A new cybercrime marketplace, OLVX, has emerged and is quickly gaining new customers looking to purchase tools to conduct online fraud and cyberattacks.
OLVX follows a recent trend where cybercrime marketplaces are increasingly hosted on the clearnet instead of the dark web, making them more accessible to a broader range of users and possible to promote through search engine optimization (SEO).
ZeroFox researchers, who first identified OLVX in early July 2023, have reported a substantial uptick in activity on the new marketplace in the fall, noting a rise in both sellers and buyers.
This rise in OLVX’s popularity is attributed to SEO efforts from the market’s admins, advertisements on hacker forums, promotion through the platform’s dedicated Telegram channel, and the hacking community’s “word of mouth.”.
“While the OLVX marketplace offers thousands of individual products across numerous categories, its site administrators maintain relationships with various cybercriminals who create custom toolkits and can obtain specialized files, thereby furthering OLVX’s ability to maintain and attract customers to the platform.” explains ZeroFox.
Buying on OLVX
OLVX does not use an escrow service like most markets of this kind, but instead offers a “deposit to direct payment” system supporting Bitcoin, Monero, Ethereum, Litecoin, TRON, Bitcoin Cash, Binance Coin, and Perfect Money.
This encourages additional spending for the users as funds are constantly available, so browsing leads to more frequent purchases.
Customers running low on funds are urged to “top-off” their accounts using a time-limited anonymized cryptocurrency address to maintain privacy and security.

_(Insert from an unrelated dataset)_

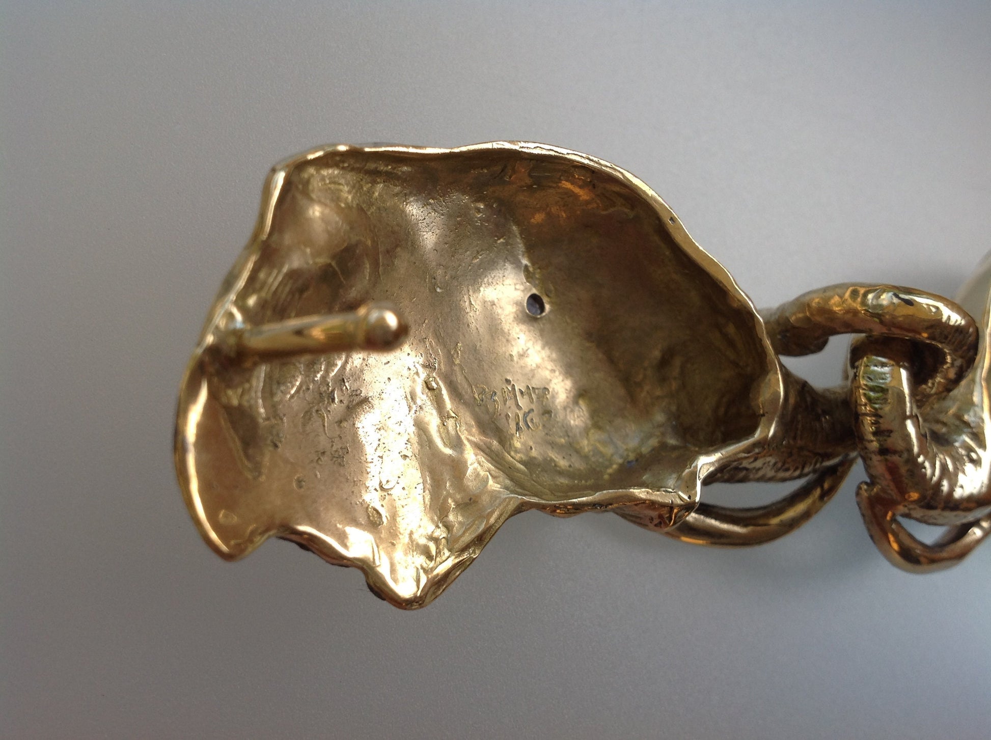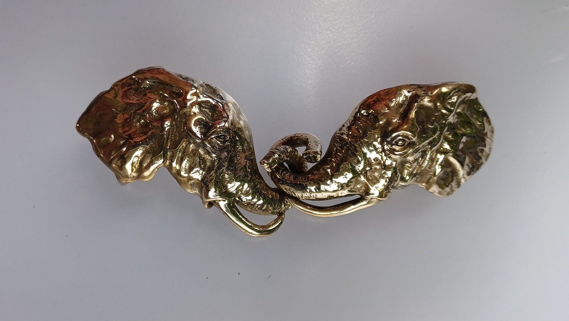Articulating Elephants belt buckle Sculpture jewelry in bronze NO STONES in eyes. Zimmer jewelry

While deposited funds make it easier to make purchases, they also make it easier for the marketplace operators to perform an exit scam to steal all deposited cryptocurrency.
What’s on sale
OLVX hosts thousands of low-cost digital items, software, and services to conduct cybercrime or enhance existing operations.
The items sold on OLVX can be summarized as follows:
- Access to compromised legitimate websites worldwide, with the ability to verify the connection before purchase. Prices are as low as under $5.
- Over 6,000 active cPanel accesses are available, presumably from compromised sites. Details like country, domain, hosting provider, and rankings are provided, with prices generally under $10.
- Compromised Remote Desktop Protocol and Secure Shell access to potentially legitimate servers, priced under $10, with verification of credentials’ validity before purchase. Pricing varies based on access level and system specs.
- Over 1,000 compromised SMTP accounts and scripts for running email campaigns, with prices less than $10.
- Over 8,000 compromised webmail credentials, allowing for searches of specific domains needed for social engineering attacks, priced at just a few dollars.
- Bulk lists containing email addresses and compromised credentials, used for large-scale attacks like phishing or brute force, priced between $1-200 depending on the database size, target, and country.
- Credentials from specific domains/services, including user to administrator access, with prices varying. Items for sale include accounts from adult websites, providing a social engineering angle.
- Pre-developed phishing kits, some with advanced features like 2FA bypass, priced up to $150 for feature-rich kits and below $20 for general pages. The kits target various sectors, including retail and finance.
Independently verifying the validity and quality of the above is impossible, given the nature of the platform.
However, OLVX’s rising popularity and reputable standing lend credibility to the authenticity of most available items.
Zerofox reports that activity on the platform culminates as we approach the holiday shopping period, so buyers are advised to maintain heightened vigilance to identify and avoid scams.